My computer was shipped through UPS four times during Between Heaven and Hell's development.  I ended up having to replace my video card and my network card, plus something deep within the bowels of the hardware ended up getting jostled around, and I spent $75 getting it fixed.  They also managed to dent my monitor despite the layers of padding in its box.  Oh, and now if you so much as lightly kick my computer, it will shut itself off.  Thanks douche bags!


What's next?

When I finished AfterShocked!, I wasn't exactly eager to jump into another giant game project, and I feel pretty much the same way at this point.  Creating these games requires a massive amount of time and effort.  And I mean massive.  I can't really recommend that anyone attempt this sort of thing unless they've got a metric ton of dedication.  I'm not going to rule out creating more games in the future, but when in the future that will happen, I can't really say.
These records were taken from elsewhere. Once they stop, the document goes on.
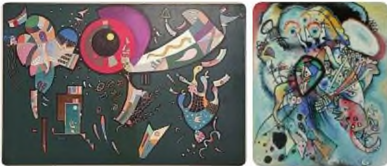
Рисунок 4 - Примеры творческой манеры Кандинского

4. Подготовьте краткий доклад (3–4 минуты):
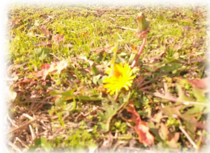
地面を這うように タンポポが咲いています。

2023年は暮れようとしています。そして2024年は始まります。来年は「辰年」です。どの子も龍のごとく天に向かって成長することを願っています。それでは、良いお年を迎えてください。
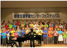
生涯学習 フェスティバル
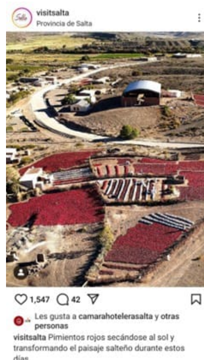
Figura 3 – Promoción de producción de pimientos en Valles Calchaquíes
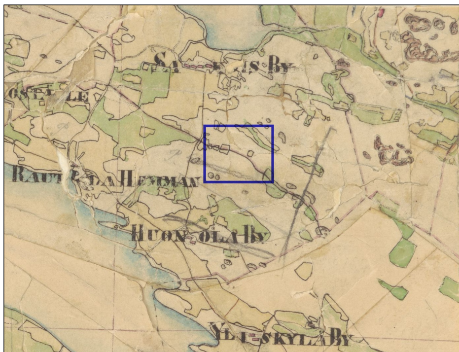
Ote pitäjänkartasta 1840-l

As for a career in the games industry, it seems I'm off to a decent start.  I currently have a job envied by nerds the world over: Doing quality assurance for Blizzard Entertainment.  It's low-level and low-paying, plus I work the night shift, but it's a pretty great job.  Testers are clearly the unsung heroes of this industry.  Despite having a degree in computer science, I'm kind of trying to avoid programming for a living, though it's not out of the question.  I'm not totally sure where I'd like to be in the industry at the moment.  Very few positions sound hugely more attractive to me than others.  All the kids these days want to be the "idea man" (usually without putting in any real work..), but even in some sort of design position, I'd most likely be creating content for someone else's game.  Is prospect of designing missions for The Godfather: The Game really all that wonderful?  My ideal role would allow me to have a lot of creative control over the project, but those sorts of lead designer roles are rare, as are the opportunities for these lead designers to create original titles not based off existing works.  Then again, I'm starting to think lately that what's really important, perhaps more so than my role on a team, is for me to be working on a project that I can fully get behind.  Getting involved in game journalism also sounds appealing to me, since games are one of the few subjects that I actually enjoy writing about.  If anyone would like to hook me up with some nice game-related job, by all means, you know, drop me a line...

As for the immediate future, I plan to catch up on all the games I've been neglecting due to my spending so much time on BHAH.  I'd also like to maybe write another screenplay.  Other than that, I dunno.  My primary focus at the moment is on my job.  But, life's an open book at this point, and who knows what I'll be doing a year from now?  For now though, enjoy BHAH...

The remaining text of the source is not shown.